The longest and deepest jobs recession in the post-war is now over according to the seasonally adjusted figures published by the Bureau of Labor Statistics. At the very least the Columbia and Harvard educated Obama did nothing effectual to end it in a timely manner as all his predecessors had done, even George W. Bush by comparison. The reason? Your choices are a) incompetence and b) malice aforethought.

Bringing America down a notch or two seems to have been the guiding principle for every problem Obama has had to confront during his presidency, whether in domestic or foreign policy. When it comes to jobs, the average middle class family which lost a good $50,000 income to long term unemployment is now in the 6th year of reduced circumstances. Such a family is easily $250,000 behind when you combine the effects of reduced wages and retirement funding. Such equality with the poor isn't what the middle class had in mind, but it sure looks like what Obama did.
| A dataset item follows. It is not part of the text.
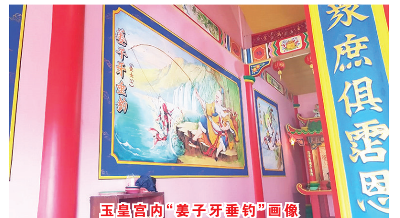
玉皇宫内“姜子牙垂钓”画像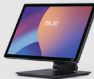
Cashier Stand Pénztár talpazat

Calculated Risk Blog retires its unemployment recession chart

This tracks seasonally adjusted figures, of course. Not seasonally adjusted total nonfarm employment still has not recovered to peak under Bush.

Discussion here:

This graph shows the job losses from the start of the employment recession, in percentage terms - this time aligned at maximum job losses.  Employment is now back above pre-recession levels and this graph will be retired until the next recession (Of course this doesn't include population growth).